James Kunstler certainly has the knack for getting publicity, with his recent comments in Salon (vigourously debated at WorldChanging last week) leading to an outbreak of hostilities with the Rocky Mountain Institute's Amory Lovins at Salon, who obviously didn't appreciate being dissed in Kunstler's original interview.

Opinions on James Howard Kunstler's latest tract, The Long Emergency, vary pretty widely here at WorldChanging. Alex disagrees pretty strongly with Kunstler's dystopic vision; JonL found it (at least its manifestation in an interview in Salon) to be a "breath of fresh air." Personally, I'm in Alex's camp -- I'm tired of Apocaphilia in its various manifestations, and Kunstler in particular seems to claim that we can do nothing to head off disaster. Moreover, any attempts to invent better, more efficient, less damaging tools are pointless, in Kunstler's view, and he calls out Amory Lovins' "hypercar" idea for particular ridicule.

Lovins didn't like that, and responded to Kunstler. Salon managed to get Lovins' response, as well as a second exchange between the two. I'd have to say that Lovins comes across as the clear winner of the debate, although that's undoubtedly my own biases talking, at least in part. Not just my bias for Lovins' perspective, though, my bias for research over accusation and thought over fear. Or, as Lovins puts it, "Facts are more mundane than fantasies, but a better basis for conclusions."
In his rebuttal, Lovins' description of RMI's campus makes it sound like a dream place to live and work (well, its a long way to the beach, but apart from that):
James Howard Kunstler criticizes me for supposedly suggesting superefficient cars at the expense of walkable neighborhoods. If he'll kindly look at my 1999 book "Natural Capitalism," he'll find that Chapter 2, "Hypercars and Neighborhoods," emphasizes the importance of both, and strongly supports New Urbanism.

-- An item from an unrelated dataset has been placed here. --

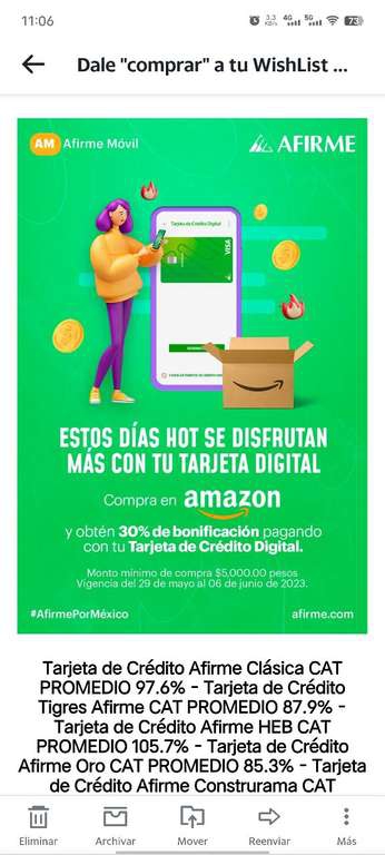 Ir a la ofertaMe llegó un correo electrónico del banco afirme notificando que básicamente te bonifica el 30% en compras mayores a $5000 en Amazon y se me hizo una promoción súper padre si compras un producto en Amazon y que te llega a costar un poco más de 5000 pesos tienes un 30% de bonificación sobre el total pagando con tu tarjeta digital en el estado de cuenta de tu tarjeta de crédito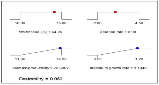 Furthermore, by increasing the aeration rate at 4.5 L/min, the biomass productivity and maximum growth rate were among the lowest. This situation might be due to the increase of shear stress and breakage of microalgae cell of high aeration rate since a study by Alipourzadeh et al. [] had the same situation, where they recorded the optimum aeration rate at 3.1 L/min and negative growth effect at 5 L/min. The determination for optimum performance was established by a desirability function that can come out with one or more responses. The goal fields in the model had five options; maximize, target, in range, and equal to. Meanwhile, the main goal of this model was to maximize biomass productivity and growth rate. In the present model, the numerical optimization was chosen in order to find the optimum point that suited the desirability function as shown in Figure 8.

It suggests practical and profitable ways to build very efficient cars and not need to drive them much, so we can have communities worth living in and traveling to. I can't imagine why this approach should be deemed objectionable -- unless, of course, he simply didn't ascertain my actual views.

His claim that there is no practical alternative to current oil dependence, other than dramatic changes in settlement patterns and lifestyles, is also extensively rebutted in our peer-reviewed, independent study "Winning the Oil Endgame." If Mr. Kunstler thinks our study is wrong, he would do a public service by explaining how. Meanwhile, serious students of this subject may be forgiven for preferring our well-documented analysis to his qualitative contentions.

[...]

Calling RMI's main campus (at 7,100 feet in Old Snowmass, Colo.) "a hyper-suburban corporate campus masquerading as ... environmentally sensitive" seemed too bizarre to merit reply when David Owen, in the New Yorker (Oct. 2, 2004), said we'd promoted sprawl by not building in a city. But before this notion gains more currency by Mr. Kunstler's further embroidery, some facts should be noted.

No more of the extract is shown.